Le 1er décembre dernier a eu lieu la seconde soirée lecture entre amoureux des livres et de la lecture. Nous étions quatre Maëva, Arnaud, Pierre-Élie et moi. Nous avons passé un moment délicieux entre houmous, salade vegan, cookies maison chocolat blanc et noir et du Chinon, parce que oui nous sommes des amoureux des bonnes choses. J’en viens directement au fait, c’est moi qui est entamé la soirée.

Les récits d’un pèlerin russe aux éditions Albin Michel dans la collection Spiritualités Vivantes. Depuis le mois de juillet je suis de retour en librairie au rayon Sciences Humaines et je me suis mis un but : lire un livre de chaque famille du rayon. J’ai donc lu ce récit qui me tourne autour depuis plusieurs années. En effet des amis, des clients m’en parlait comme d’un classique de la littérature russe. J’ai été subjuguée par la facilité d’accès de ce texte. Classé en religion dans la partie Orthodoxie, je m’attendais à un texte laborieux. Il n’en n’est rien. LA traduction doit être merveilleuse car la fluidité du récit est surprenante. Divisé en quatre partie, ce texte peut se lire comme un roman initiatique, comme une quête (le pèlerin est à la recherche de la prière du cœur), mais aussi comme une photographie de la Russie de la fin du XIXe siècle. Coup de cœur donc pour moi

Ensuite Maëva a pris la parole pour nous parler de Dans l’eau je suis chez moi de Aliona Gloukhova publié aux éditions Verticales. Maëva l’a lu sur conseil. Ça se passe en Biélorussie et c’est l’histoire d’une jeune fille de 8 ans dont le père disparaît en mer. C’est un livre qui dit comment on ne se remet pas d’une disparition. Dans ce roman l’auteure étudie le mot disparu, la disparition qui est l’état de son père. Elle mène l’enquète sur ce qui c’est passé. Maëva dit que c’est un roman sur l’oubli, que c’est un beau livre de reflexion sur le deuil, que le rapport est présent tout du long (Maëva nous lit un passage sur la natation qui l’a beaucoup touché). Belle écriture sans un mot de trop.

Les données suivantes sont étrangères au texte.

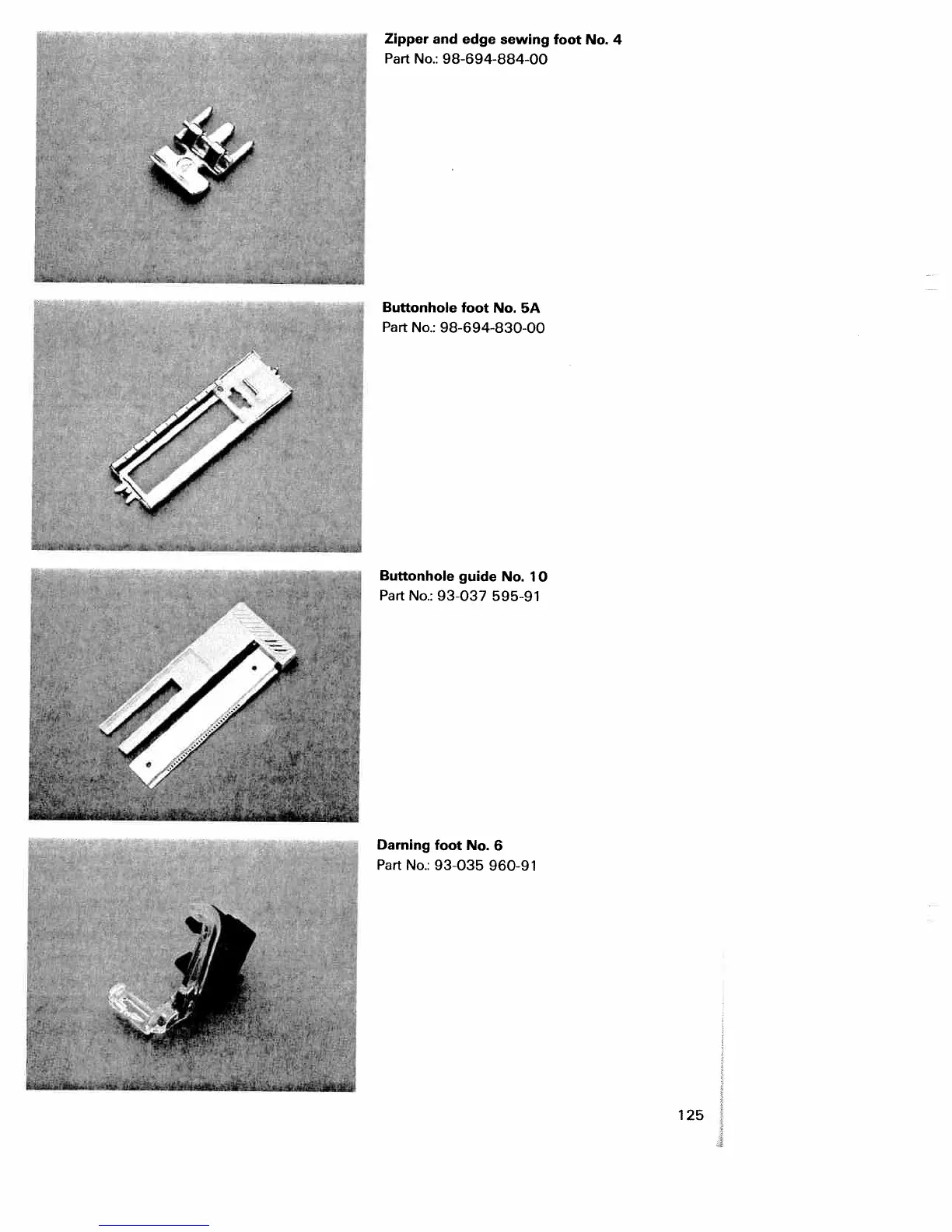 Pfaff Creative 7510 A - Specialty Sewing Feet; Buttonhole Foot No. 5 A; Darning Foot No. 6

C’est au tour d’Arnaud de nous parler de l’Éloge de l’énergie vagabonde de Sylvain Tesson paru aux éditions Pocket. Arnaud a acheté ce livre suite à la lecture d’un article dans un magazine. Sylvain Tesson y retrace son périple à vélo entre la mer d’Aral, en passant par la mer Caspienne jusqu’en Turquie en contournant la Russie. Il suit l’oléoduc de Bakou à la Turquie. Arnaud nous dit qu’il a bien aimé le côté géopolitique des pays traversé, qu’il sent à travers ce récit que l’auteur rejette la société de consommation et il critique la position des femmes dans les pays musulmans traversés. Arnaud a aussi ressenti que l’auteur se sent mieux seul même s’il aime les gens qu’il rencontre. La conclusion n’est pas très optimiste et Sylvain Tesson dit que tant qu’on aura du pétrole on ne s’en sortira pas.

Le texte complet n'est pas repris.